Here is a list of fixes/features:
https://github.com/sprasad-microsoft/smb3-kernel-client/compare/master...personal/sprasad/for-next
cifs: change_conf needs to be called for session setup -> This bug
could cause the client not to request for lease if readdir is run
immediately following mount and multichannel is enabled
cifs: abort open_cached_dir if we don't request leases -> This bug
can cause an extra round-trip that can be avoided
cifs: invalidate cfid on unlink/rename/rmdir -> This is a serious bug
that can cause stale dir enumeration following an unlink/rename/rmdir
cifs: define variable sized buffer for querydir responses -> Enables
the next set of changes by allowing QueryDir responses to be larger
than 64KB
cifs: optimize readdir for small directories -> Similar to Windows
client, the Linux client will now send Open+QueryDir1+QueryDir2 in a
single compound request, avoiding an extra round-trip for all small
directories
cifs: optimize readdir for larger directories -> For directories that
need a second round-trip, with this change, we'll now request for
rsize QueryDir responses
cifs: reorganize cached dir helpers -> Cosmetic change. For better readability
cifs: make cfid locks more granular -> With parallel readdirs and dir
lease enabled, the client will now serialize operations under a big
chunky lock. This change introduces finer locks for better
parallelization
cifs: query dir should reuse cfid even if not fully cached -> Avoids
unnecessary breaking of dir leases when parallel readdirs to same
directory are happening
cifs: back cached_dirents with page cache -> Significant
re-architecture of dir cache code to enable faster lookups and reduced
allocations for large directories
cifs: in place changes to cached_dirents when dir lease is held ->
With this change, the client does not revoke dir lease when the
directory is changed anymore
cifs: register a shrinker to manage cached_dirents -> This change
allows the kernel to callback to the SMB client to free up dir cache
under memory pressure
cifs: option to disable time-based eviction of cache -> With the last
change, the client can now hold leases for a really long time
cifs: option to set unlimited number of cached dirs -> With shrinker
registered, the client can now cache a really large number of dirs.

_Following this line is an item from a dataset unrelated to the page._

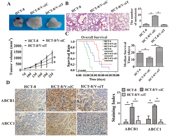 Figure 7: Downregulation of Twist1 increased the chemosensitivity of HCT-8 transplanted tumor to vincristine in vivo. (A) Effects on the tumor growth rate. The left panel shows the representative images of tumors harvested at the end of the experiments; the right panel shows the curve of the xenograft growth. (B) Metastases in lung tissues of the tumor-bearing model. The left panel shows the representative images of lung tissues stained with H&E; the right panel shows the number of metastases in lung tissues. The scale bars represent 100 μm. (C) Overall survival analyses in mice treated with Twist1-siRNA or control siRNA followed by vincristine treatment (P = 0.000). (D) Immunohistochemical staining for ABCB1 and ABCC1 in tumors. Representative images are shown in the left panel; the staining index is shown in the right panel. Scale bars = 50 μm. Data from three independent experiments are graphed as mean ± SD. *P < 0.05.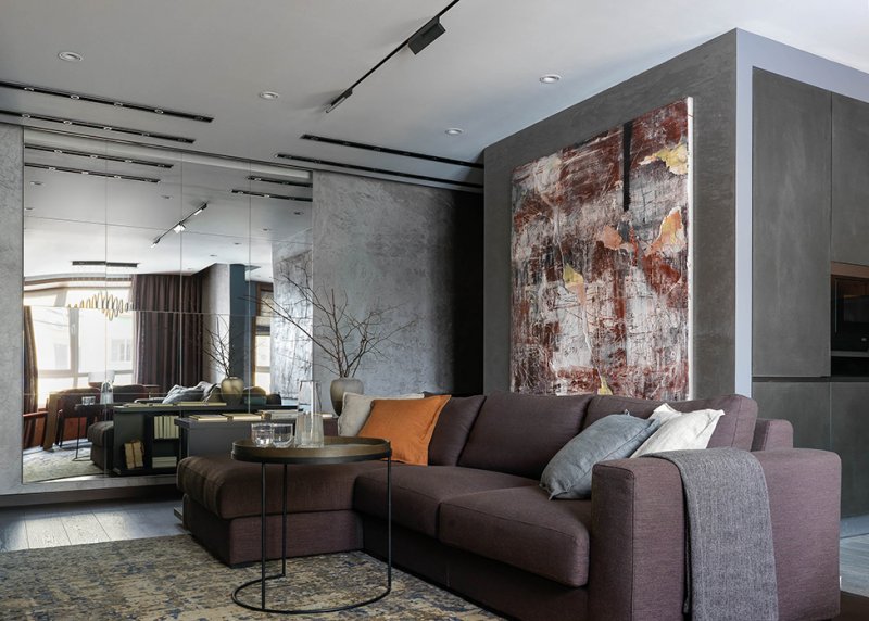 Зона гостиной. Диван, Alberta Salotti. Картина Кирилла Басалаева, Art Brut Moscow.

Helpful for workloads that contain a large number of small dirs
cifs: allow dcache population to happen asynchronously ->
Experimental module param to asynchronously populate the dentry cache.
This allows operations like plain directory enumeration (without attr
requests) to complete much faster
cifs: trace points for cached_dir operations -> Aids debugging of dir
caching code
cifs: discard functions should not return failure -> This serious but
rare bug can cause hangs in reads and readdirs when specific network
errors are returned
cifs: keep cfids in rbtree for efficient lookups -> With the ability
to cache large number of dirs, keeping them on a linked list was
becoming a bottleneck. This enables faster lookups of dir cache data
cifs: invalidate cached_dirents if population aborted -> This allows
dir cache to be invalidated when the application stops continued dir
enumeration
Overall, these changes have significantly improved perf for many
metadata heavy workloads.
Attaching a performance benchmark report for various workloads that I ran.
Overall, not too much penalty for populating the cache with dir leases
enabled (in fact, for some workloads, it improves perf with cold
cache).
With warm cache, we've reduced the server round-trips to a bare
minimum (pretty much only file opens/closes). So with directory leases
enabled, there is significant reduction in the number of round-trips.
I was hoping to improve tar/untar performance. However, they still
involve serialized open/read/close calls to the server that cannot be
avoided even with dir leases.
--
Regards,
Shyam
[-- Attachment #2: dirlease-optimizations5-combined-win.md --]
[-- Type: application/octet-stream, Size: 8563 bytes --]
## Legend
- `ls_r`: Recursive directory listing using `ls -R` (name enumeration focused).
- `ls_lr`: Recursive long listing using `ls -lR` (name + attribute metadata).
- `ls_then_lsl`: Two-step run where iteration 1 is `ls -R` and iteration 2 is `ls -lR`.
- `find_nonempty`: File traversal using `find -type f -size +0c`. (find all regular files with non-zero size)
- `du_recursive`: Recursive disk usage scan using `du`.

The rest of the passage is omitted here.